When our emotions are running our lives, we are not in a state of calm aliveness. Rather, there are imbalances in the nervous system that cause problems. It causes imbalances in other systems and organs in our body. Not to mention how these imbalances influence our thoughts, feelings and behaviours towards ourselves and others.”
Have you ever made the commitment to ditch an unhealthy habit-guzzling sugary energy drinks all day long, bingeing on Netflix every night, or smoking cigarettes—only to find that after a few days it feels nearly impossible to quit? You might even have started to feel depressed and lost without it. You know you made the right decision, but why is it so hard to follow through? The short answer is your brain doesn’t always want to do what is best for you.
The human brain is extraordinarily complex with its 100 billion neurons and the trillions of connections between them. It is involved in everything you do, think, feel, say, and desire. Your brain makes you who you are, but sometimes it outsmarts you in a way that is deceiving—perhaps even a little manipulative.
The simple explanation for this is the brain is biologically wired for reward and pleasure. Back in the caveman days, this likely served as a survival mechanism in that it provided the motivation to find food and water. Even though access to these is much less of a concern now, the brain still drives us to repeat behaviours that result in a perceived reward, regardless of whether the activity is positive—such as watching a beautiful sunset—or harmful, like using cocaine. One of the key drivers for this is dopamine—a neurotransmitter intricately involved with pleasure, focus, and motivation.
DOPAMINE and the brain’s reward system
Within the brain’s reward circuit are structures that are often referred to as the pleasure centers. Although they are very small, they have a lot of influence over the choices we make. Therefore, whatever you do that causes dopamine to be released, your brain will encourage you to repeat it because it anticipates a reward from that behavior. To make it even more complicated, pleasurable experiences are linked to emotions and memory, which makes giving up unhealthy habits even more challenging.
Your brain’s reward system doesn’t really care that your sugar-filled morning Frappuccino or a few drinks with friends after work each day is adversely affecting your mental health and physical well-being. In fact, just thinking about engaging in these habits causes dopamine to be released and essentially hijacks your brain.
A simple strategy to override your brain’s pleasure centres
Even though bad habits can be tricky to overcome, you can learn how to outsmart your brain’s natural inclinations. With practice, you can override its power and make the healthy changes you want.

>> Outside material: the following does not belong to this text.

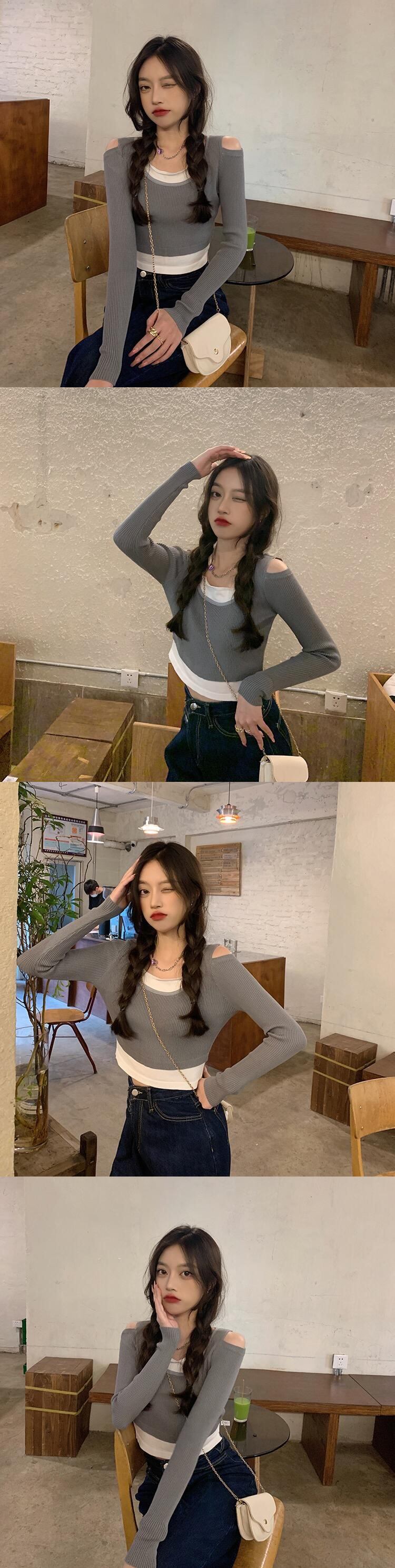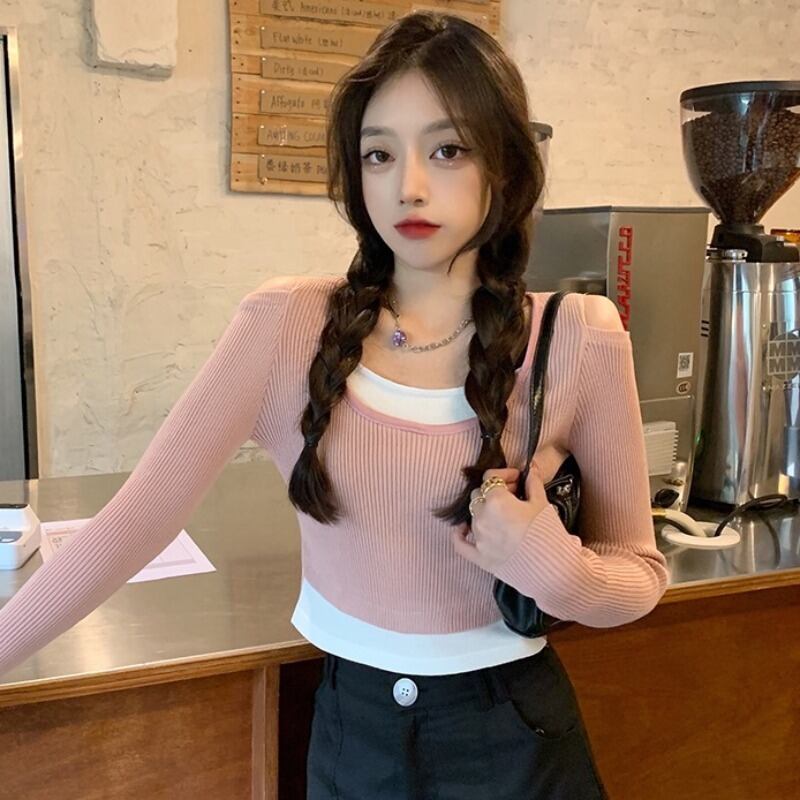 オータムスタイルストラップレススリムショートニットセーター トップス レディース ロング 秋物 ハンチェンe22370327544

When you’re used to doing a certain thing regularly, life can initially feel empty without it—and this is normal. There’s a part of your brain that is kicking and screaming because it isn’t getting the reward from the habit you have given up. One way to help you process this discomfort is to think about the circumstances that got you hooked on it to begin with.
For example, imagine that the unhealthy habit you want to stop is having pizza and a large soda for lunch on too many days each week. Think back to your original memories associated with it. Perhaps you started eating that way in college with a group of good friends, and not only did you enjoy the indulgence and taste of the meal, but also the laughs and camaraderie that came with it. Fast forward a decade or more to where you are today with a multitude of responsibilities and not enough time on your hands. Now, you run out to pick up a big slice of pizza and a soda for washing it down while sitting at your desk during your lunch break. You might not even enjoy it all that much, but you (and your brain) do it because it’s what you (and your brain) have always done.
Notice the difference between the memory of how you felt in college and how your current experience with the pizza habit makes you feel. There’s a very good chance that it’s not as pleasurable as it used to be.
Using this memory-based information, you can start vetoing your brain’s drive to hit the pizza parlour by choosing to adopt a new, healthier lunchtime habit that makes you feel better about yourself. Start becoming aware of the benefits you experience from, for example, choosing a salad with grilled chicken and having sparkling water instead of having pizza. Pay attention to how the healthy choice nourishes your body and brain, increases your energy, and maybe even helps you lose a few extra pounds. Keep your focus on all the positive things you are gaining with this change.
Revising behaviours that have been reinforced over time won’t happen overnight. It takes daily practice. Each day, remind yourself about the positive and pleasurable feelings associated with your new habit. Regardless of what you want to change, the more you do it, the more it gets wired into your brain as a reward and puts you back in the driver’s seat for choosing what is best for you.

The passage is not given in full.